* _PROVIDED MATERIAL_:
◇ ◇ ◇ ◇
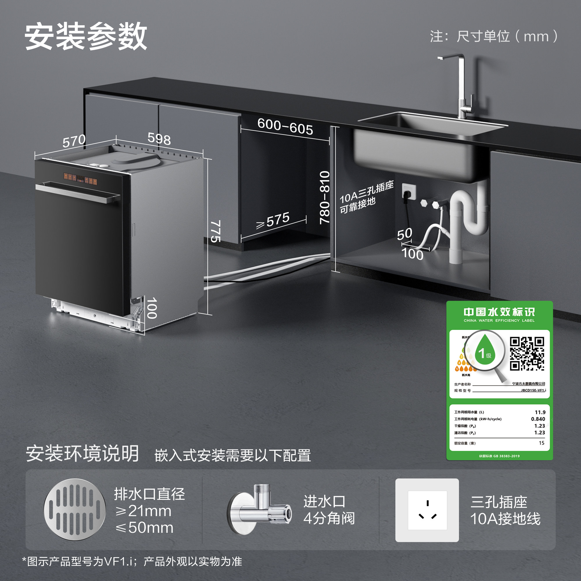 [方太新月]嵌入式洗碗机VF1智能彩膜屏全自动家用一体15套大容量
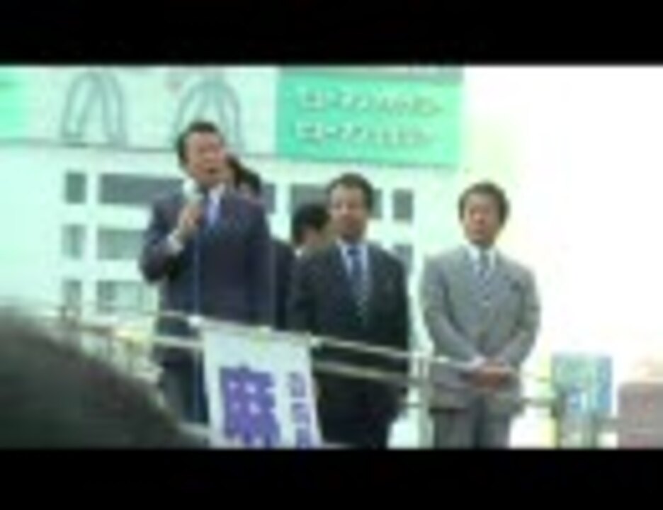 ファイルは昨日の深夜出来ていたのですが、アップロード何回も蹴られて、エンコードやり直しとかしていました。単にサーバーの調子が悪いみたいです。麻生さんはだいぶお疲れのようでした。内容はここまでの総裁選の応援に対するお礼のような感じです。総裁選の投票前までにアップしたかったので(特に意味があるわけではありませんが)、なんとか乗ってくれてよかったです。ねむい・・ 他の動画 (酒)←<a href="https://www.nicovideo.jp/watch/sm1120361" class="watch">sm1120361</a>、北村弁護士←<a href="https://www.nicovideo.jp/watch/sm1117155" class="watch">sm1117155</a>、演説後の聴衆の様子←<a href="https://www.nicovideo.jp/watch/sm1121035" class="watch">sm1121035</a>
◇ ◇ ◇ ◇
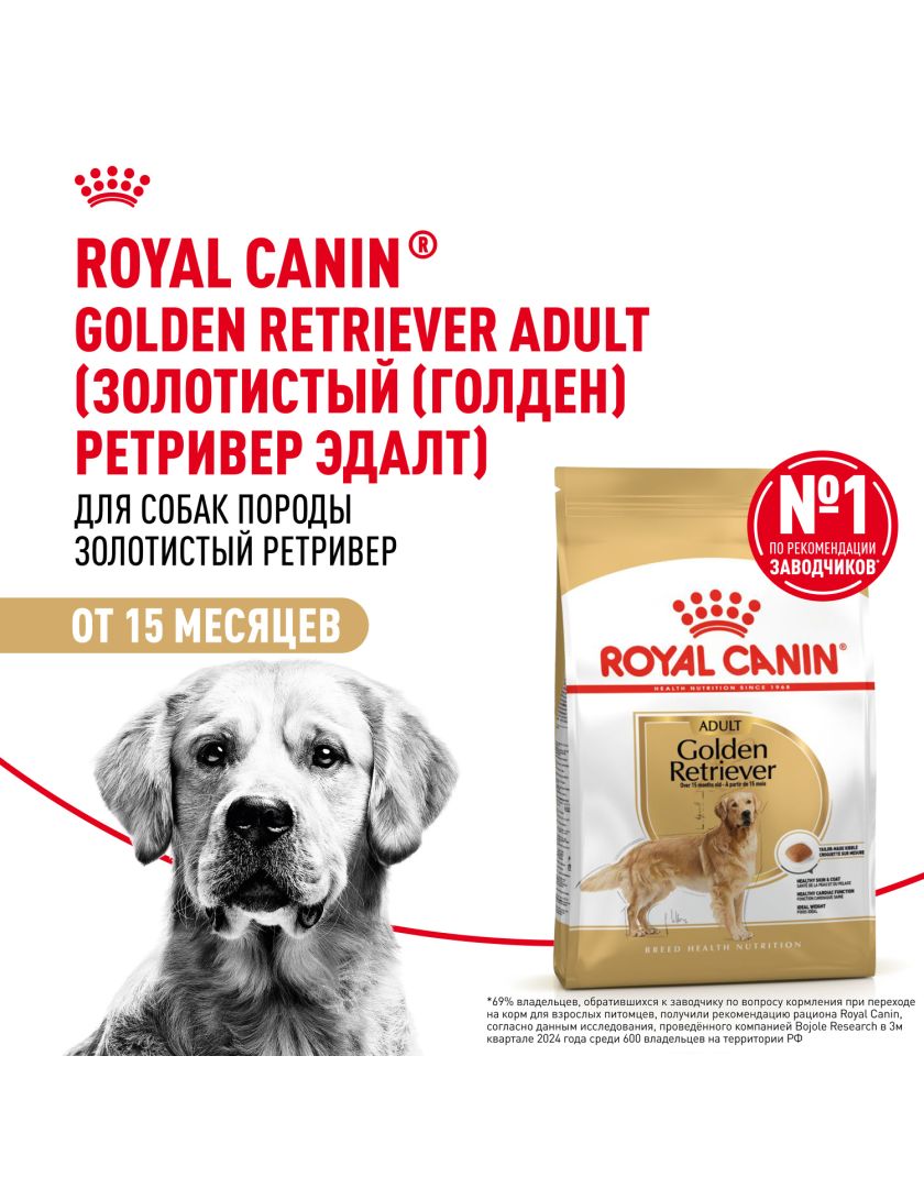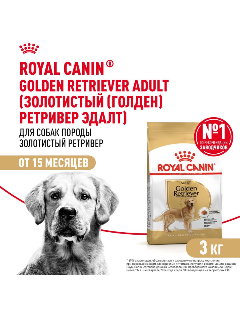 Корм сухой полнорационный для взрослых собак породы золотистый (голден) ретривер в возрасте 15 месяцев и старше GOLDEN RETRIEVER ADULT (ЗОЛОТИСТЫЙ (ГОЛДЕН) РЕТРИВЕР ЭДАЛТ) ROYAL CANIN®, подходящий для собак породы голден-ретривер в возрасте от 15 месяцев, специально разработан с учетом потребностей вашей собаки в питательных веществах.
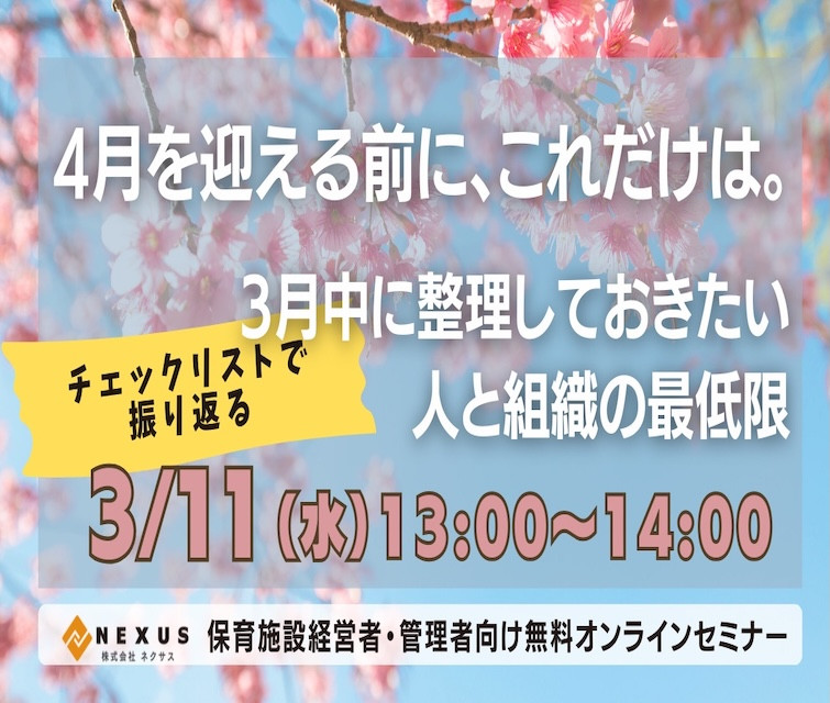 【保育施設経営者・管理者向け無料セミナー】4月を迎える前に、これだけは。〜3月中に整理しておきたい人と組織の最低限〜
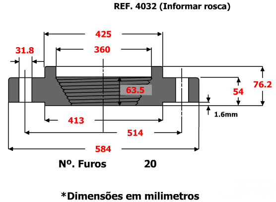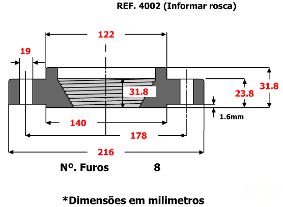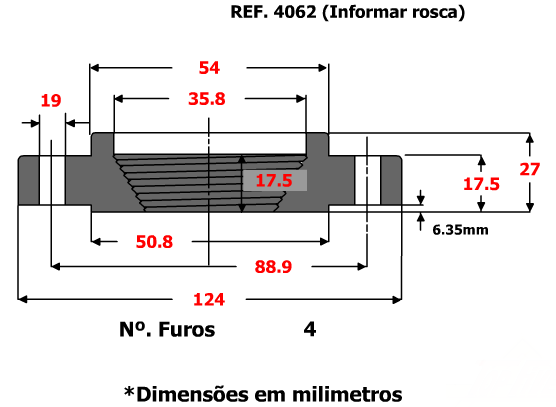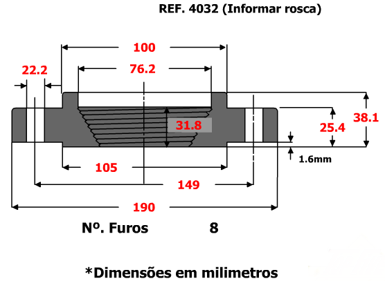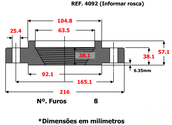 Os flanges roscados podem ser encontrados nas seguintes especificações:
◇ ◇ ◇ ◇
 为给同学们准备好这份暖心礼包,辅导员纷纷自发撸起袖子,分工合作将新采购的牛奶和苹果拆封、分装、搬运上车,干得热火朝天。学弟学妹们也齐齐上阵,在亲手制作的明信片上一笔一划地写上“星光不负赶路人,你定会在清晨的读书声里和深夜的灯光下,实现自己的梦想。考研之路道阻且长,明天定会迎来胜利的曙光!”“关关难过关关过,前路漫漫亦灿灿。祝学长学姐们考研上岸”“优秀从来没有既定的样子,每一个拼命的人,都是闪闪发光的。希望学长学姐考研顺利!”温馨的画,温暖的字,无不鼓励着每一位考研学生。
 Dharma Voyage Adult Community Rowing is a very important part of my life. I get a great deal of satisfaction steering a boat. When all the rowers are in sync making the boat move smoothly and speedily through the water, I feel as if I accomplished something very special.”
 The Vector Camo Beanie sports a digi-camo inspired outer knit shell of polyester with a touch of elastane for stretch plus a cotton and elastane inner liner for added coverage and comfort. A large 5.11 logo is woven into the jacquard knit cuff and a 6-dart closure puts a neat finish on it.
◇ ◇ ◇ ◇
* _ASSIGNMENT_: What you return must be an exact retyping of the lines above starting at the line with "Dharma Voyage Adult" and ending at the line with "The Vector Camo", and nothing besides.

* _PROBLEM SOLUTION_:
 Dharma Voyage Adult Community Rowing is a very important part of my life. I get a great deal of satisfaction steering a boat. When all the rowers are in sync making the boat move smoothly and speedily through the water, I feel as if I accomplished something very special.”
 The Vector Camo Beanie sports a digi-camo inspired outer knit shell of polyester with a touch of elastane for stretch plus a cotton and elastane inner liner for added coverage and comfort. A large 5.11 logo is woven into the jacquard knit cuff and a 6-dart closure puts a neat finish on it.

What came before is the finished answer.